I had cut my wrists or carve the word Evil into my arms because the voices were telling me to. Because of the state I was in it didn’t hurt, and in a way it seemed to relieve some of the unbearable pressure. People often believe, mistakenly, that everyone who suffers from schizophrenia is violent. Although some are, the majority would never be violent to anyone other than themselves. I have tried to commit suicide several times, sometimes because I don’t know what I am doing and other times because I am fed up with feeling like this. Ten per cent of schizophrenics commit suicide.

I have discovered my illness goes through phases, which helps. I don’t always know what it sparks it off.

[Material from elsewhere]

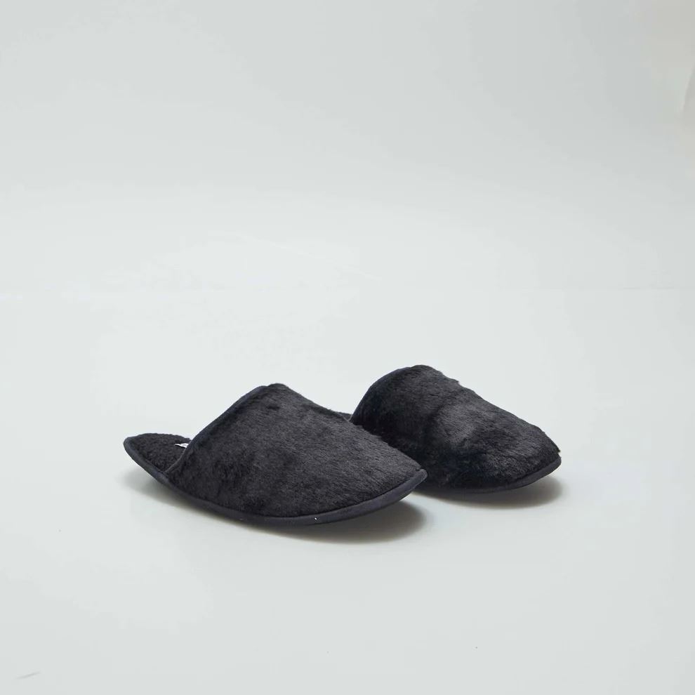 Елегантни дамски домашни чехли в черен плюш, меки и топли, с леко омекотена стелка и нехлъзгаема гумена подметка. Удобни за вкъщи, лесни за обуване и поддържане. Предлагат се номера; машинно пране. XL

I am better at recognising when an attack is coming on and take myself to hospital before I do anything stupid. Stress can also be a trigger. I see a psychiatrist who prescribes me Sulpiride – a sedative used to control acute hallucinations and delusions, which makes me feel as though I am experiencing everything through cotton wool. Louise, my social worker, has been a great help.

I am proud that I have struck to it and it is helping to restore my self-esteem. I am able to lead a fairly normal life. Many people with schizophrenia become isolated and this makes them withdraw into themselves even more. I know people whose schizophrenia has burned itself out by their forties and at the moment I am clinging to the hope that I might be one of those.  Sarah had always suffered from depression on and off, so I was used to her being moody. For several weeks she had been acting strangely – being withdrawn, confused and talking to herself.

Looking back I should have noticed. But I was wrapped up in my work. I decided the best thing was to be as supportive as possible. I thought it would blow over, but it wasn’t until six months later that schizophrenia was diagnosed. I knew that, chemically, people with schizophrenia are thought to have excess dopamine receptors in their brain ( a protein allowing messages to travel around the brain) and that this is reduced by taking antipsychotic drugs. No one knows exactly what causes it, although there is a genetic link, and environmental factors seem to play a role.

But no one in either of our families had suffered from mental illness, so I didn’t know what to expect. In the beginning I clung to the hope that it was just a passing phase and that Sarah would soon recover. She was readmitted. That was the start of a cycle of behaviour common in schizophrenics, where they are better for a while, then suffer a relapse and end up in hospital again. Sarah’s illness seemed to bring new and increasingly bizarre behaviour with every turn. Obviously the suicide attempts were distressing, she wandered the streets for hours in a confused state.

If I knew she was ill I was happy for her to be sectioned, which meant she had to be forcibly kept in hospital. Knowing Sarah could die any day made me realise what mattered in life. To have Sarah healthy was more important to me than any glories at work. She was withdrawn and drinking seemed to be the only way to blot out the voices. Coping with her disability means their lives have been limited. At the moment we don’t want children because Sarah might become ill and not be able to look after them.


They would also have a 15 per cent chance of developing the illness. Anyway, we have found we can put that extra energy into supporting mental health campaigns. Since Sarah’s been ill I have developed strong ideas on the subject. I think everyone needs to be better educated about mental illness. People should realise that mentally ill people are human beings. Sarah is a person, not an illness.